Supplementary Material

1

WHAT WAS KNOWN

  • Modern-day healthcare uses large quantities of resources resulting in substantial environmental emissions. The National Health Service is responsible for 3% of the U.K.’s climate-warming greenhouse gases, and the healthcare sector produces 10% of the U.S.’s greenhouse gases and 9% of the U.S.’s criteria air pollutants.

  • A single cataract surgery (phacoemulsification) in the U.K. releases the equivalent greenhouse gases of driving a passenger vehicle nearly 700 km.

WHAT THIS PAPER ADDS

  • The Aravind Eye Care System generated 0.25 kg of solid waste per phacoemulsification and approximately 6 kg of CO2-equivalent greenhouse gases (the same as driving a passenger vehicle at approximately 25 km), all with comparable-to-better patient outcomes and less spending.

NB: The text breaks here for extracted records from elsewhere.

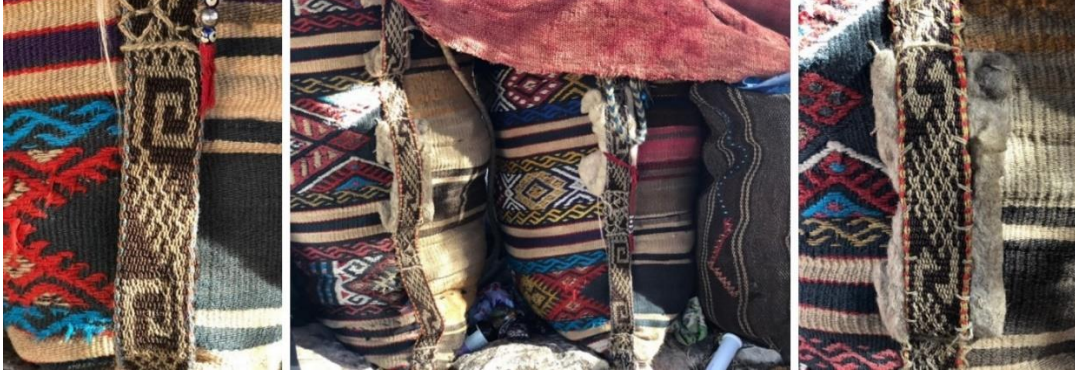
Görsel 5. Çuvallardaki Kolon Dokuma (Kâtibi) Örnekleri (Eroğlu, 2016)

Emine Karadayı dokumalarını ıstar adı verilen ve diğer Sarıkeçili Yörük grupları tarafından da kullanılan sarma tip dokuma tezgahında dokumaktadır. Dokumalarını genellikle kış aylarında yaptığını belirtmiştir (Karadayı, 2017).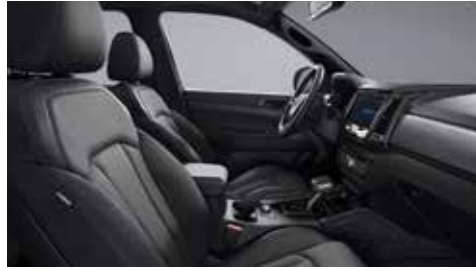
블랙 인테리어(블랙 헤드라이닝)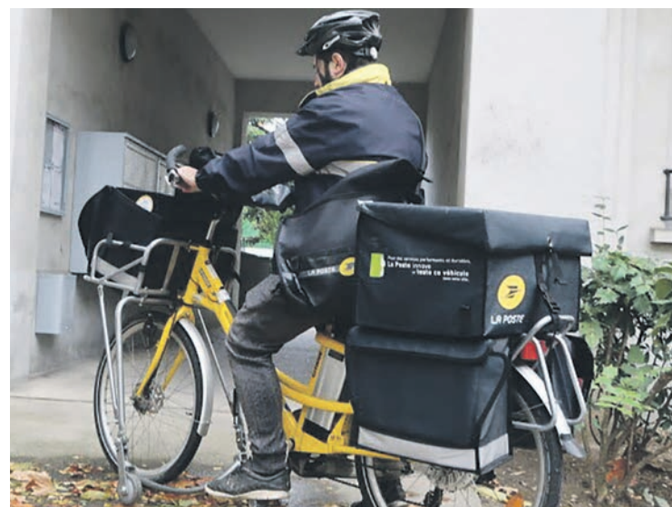
YANNICK PONNET LE PROGRÈS

et aussi dans tout le réseau de transport du courrier. Une nouvelle saignée est donc programmée par La Poste, qui cache cet objectif derrière des alibis plus que douteux. Ainsi, le fait que le timbre rouge ne représente désormais qu'une infime partie du courrier n'explique en rien que la distribution des lettres timbrées en vert soit aussi retardée, passant de deux à trois jours après leur dépôt. De même, la diminution, certes réelle, du courrier papier remplacé par Internet ne justifie pas les restructurations et leur cortège de suppressions d'emplois. Celles-ci vont bien au-delà de cette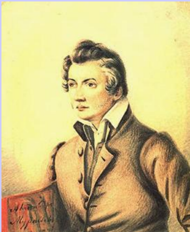
А.Муравьев. Портрет Н.Муравьева.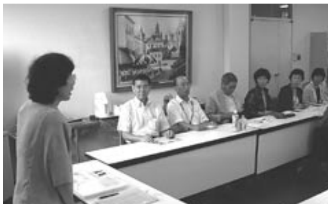
児童福祉部会研修「交野女子学院」平成19年8月24日

毎年、精華町民生児童委員協議会では、全員参加による研修や各部会ごとによる研修を、それぞれ実施しています。ここでは、各研修ごとに委員の方々から寄せていただいた感想を紹介します。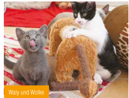
Waly und Wolke

also nicht an den Knochen zu liegen. Jetzt stehen weitere Untersuchungen an, um herauszufinden, was genau das Problem ist. Und das wird wieder teuer, denn die normale Tierklinik kann da nicht weiterhelfen – wir müssen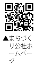
▲まちづくり公社ホームページ

*詳しくは募集要綱、薩摩川内市民まちづくり公社ホームページをご覧ください。 *詳細な練習などの日程は、出演が決めた後にお知らせします。 *出演料や旅費などの支給はありません。 内容／歌唱・ダンス・演技の審査 *動きやすい服装で参加ください。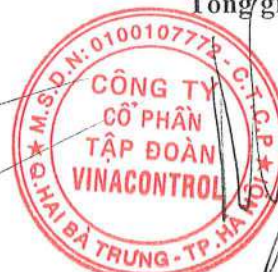
Mai Tiến Dũng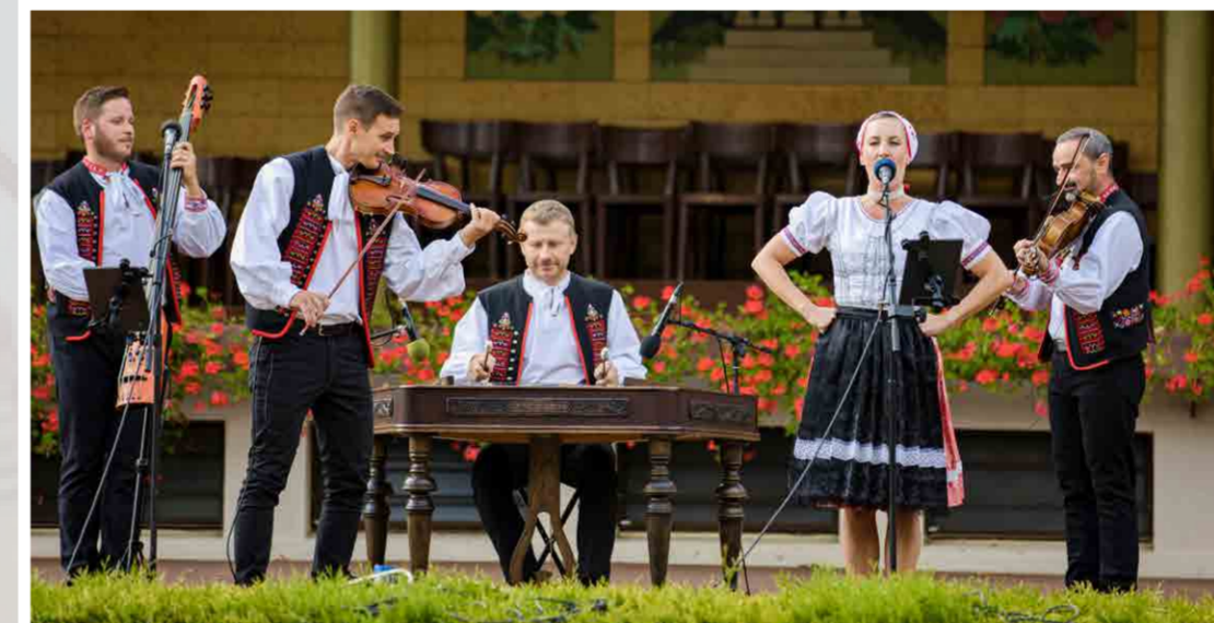
Ke Dnům slovenské kultury patří neodmyslitelně také slovenský folklór, který na Lázeňském náměstí představili Fidlikanti z Bratislavy (2. září 2022)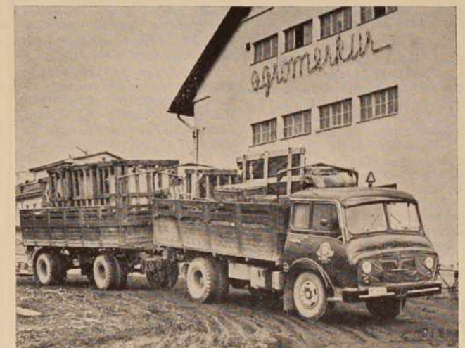
Prispela je oprema za bodoči obrat KIK Pomurka

mo fižol v vrste, v gnezde, torej tri vrste med dvema pasovima koruze (50 — 50 — 50 cm ali 50 — 100 — 150 cm). V vrsti so gnezda, 5—6 rastlin, na 40 cm. Možno pa je sejati fižol tudi s strojem v vrste. Tako bo užival tudi fižol prednosti čistega posevka.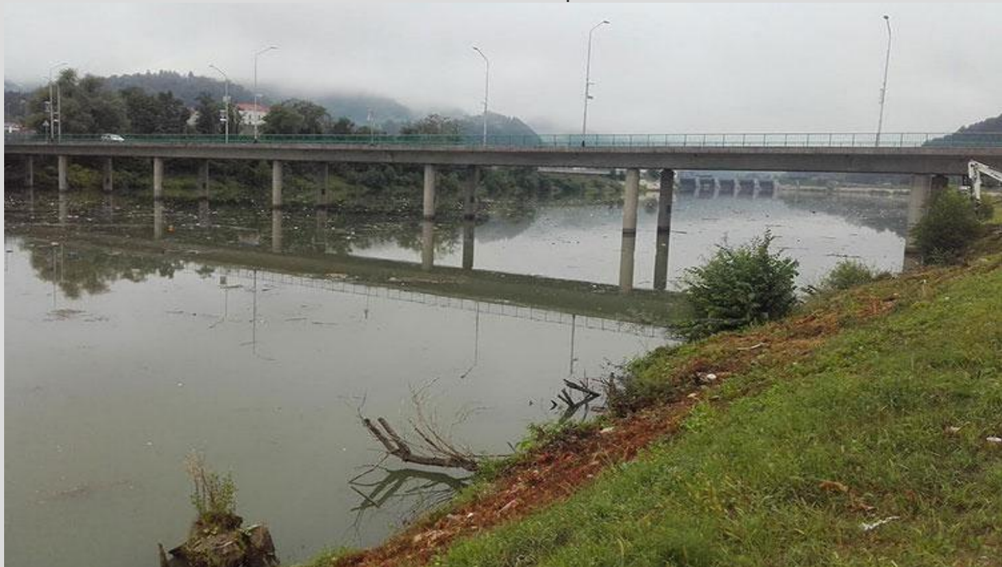
Žalosten prizor v reki Savi

V sodelovanju z raziskovalci iz drugih držav, smo prišli do podatka, da se voda na svoji poti skozi Republiko Hrvaško in naprej skozi Republiko Srbijo spreminja in je vse bolj onesnažena, s seboj nosi večje količine smeti, ki jih ljudje spuščajo v reko, kar bi bilo mogoče zaznati tudi pri nas.

  • If India’s ophthalmologists used the U.K.’s methods for phacoemulsification, cataract surgery in India would emit the same greenhouse gases as 250 000 passenger vehicles. This number would double if India fulfills the WHO’s Vision 2020 Initiative to meet the demand for cataract care.

Acknowledgments

Supported by a Fulbright-Nehru Academic and Professional Excellence Award through the United States –India Educational Foundation, New Delhi, India. Dr. Saeedi is supported by a Career Development Grant (No. K23 EY025014) from the U.S. National Institutes of Health, Bethesda, Maryland, USA. The sponsor or funding organization had no role in the design, conduct, or reporting of this research.

Footnotes

A

OTHER CITED MATERIAL: Department of Industrial Ecology. Universiteit Leiden. CML-IA Characterisation Factors, 2016. Available at: https://www.universiteitleiden.nl/en/research/research-output/science/cml-ia-characterisation-factors. Accessed September 25, 2017

The employees of Aravind Eye Care System helped collect data for this project.

Disclosure: None of the authors has a financial or proprietary interest in any material or method mentioned.